I've been asked to prove that:
$\epsilon_{ijk}$$\epsilon_{kqr}$ = $\delta_{iq}$$\delta_{jr}$ - $\delta_{ir}$$\delta_{jq}$
We start with:
$\epsilon_{ijk}$$\epsilon_{kqr}$ = $\delta_{ip}$($\delta_{jq}$$\delta_{kr}$ - $\delta_{jr}$$\delta_{kq}$) + $\delta_{iq}$($\delta_{jr}$$\delta_{kp}$ - $\delta_{jp}$$\delta_{kr}$) + $\delta_{ir}$($\delta_{jp}$$\delta_{kq}$ - $\delta_{jq}$$\delta_{kp}$)

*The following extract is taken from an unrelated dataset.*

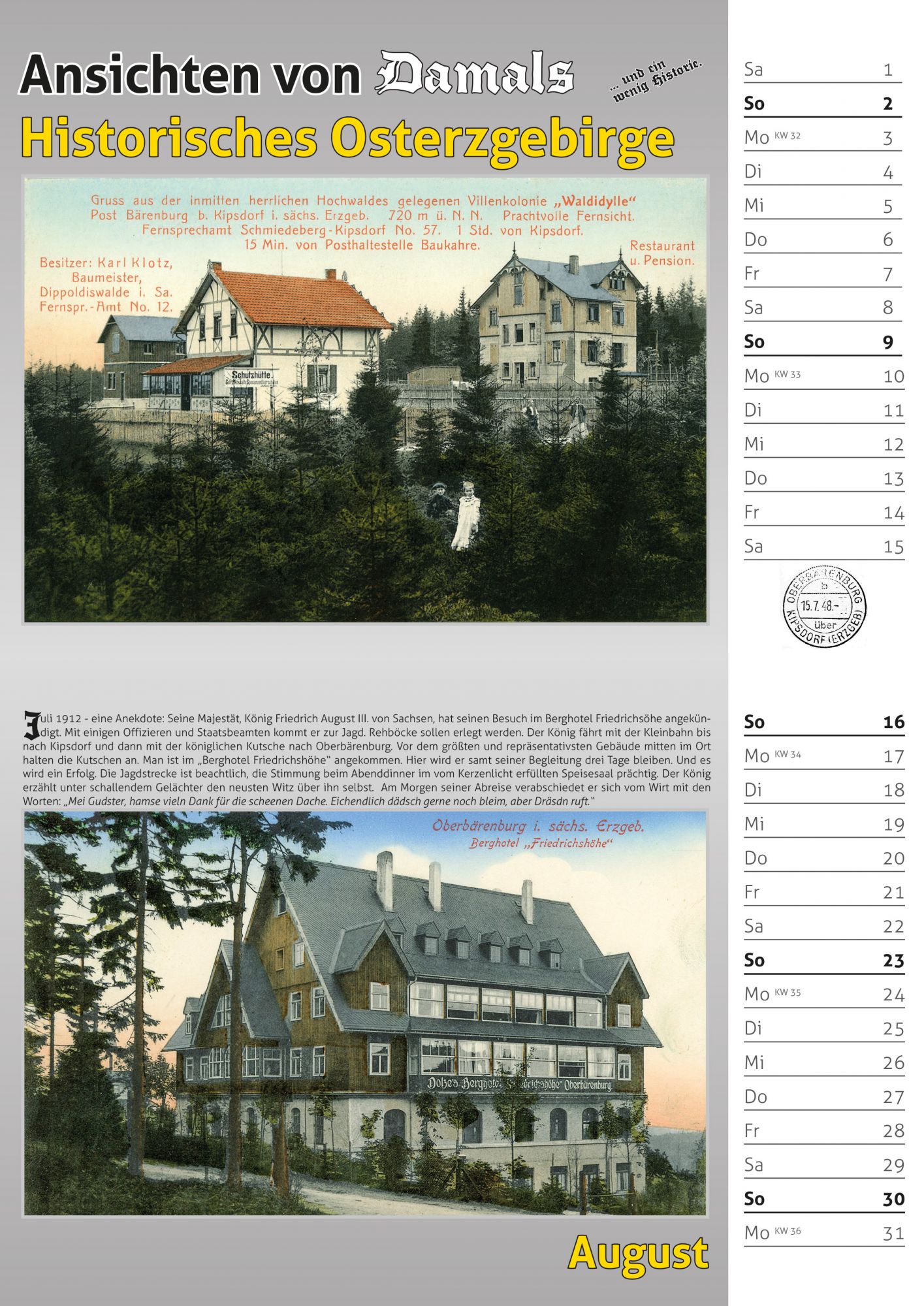 Bildkalender 2026 – historische Motive aus dem Osterzgebirge - eine historische Bilderreise.

We start by setting p = k, as this is essential for the proof:
We thus have: $\delta_{ik}$($\delta_{jq}$$\delta_{kr}$ - $\delta_{jr}$$\delta_{kq}$) + $\delta_{iq}$($\delta_{jr}$$\delta_{kk}$ - $\delta_{jk}$$\delta_{kr}$) + $\delta_{ir}$($\delta_{jk}$$\delta_{kq}$ - $\delta_{jq}$$\delta_{kk}$)
This is defined to be in R^3, so we know that $\delta_{ik}$ = 3, and we also know that $\delta_{ij}$ $\delta_{jk}$ = $\delta_{ik}$, we thus implement both of these and simplify to get:
$\delta_{ik}$ $\delta_{jq}$ $\delta_{kr}$ - $\delta_{ik}$ $\delta_{jr}$ $\delta_{kq}$ + 2 $\delta_{iq}$ $\delta_{jr}$ - 2 $\delta_{ir}$ $\delta_{jq}$
I know that for this to work, that $\delta_{ik}$ $\delta_{jq}$ $\delta_{kr}$ must equal $\delta_{ir}$ $\delta_{jq}$
and $\delta_{ik}$ $\delta_{jr}$ $\delta_{kq}$ must equal $\delta_{iq}$ $\delta_{jr}$
However, I can't see or understand why this would be the case. And honestly, I don't really understand the explanation for why $\delta_{ij}$ $\delta_{ij}$ is $\delta_{ik}$. Any help appreciated.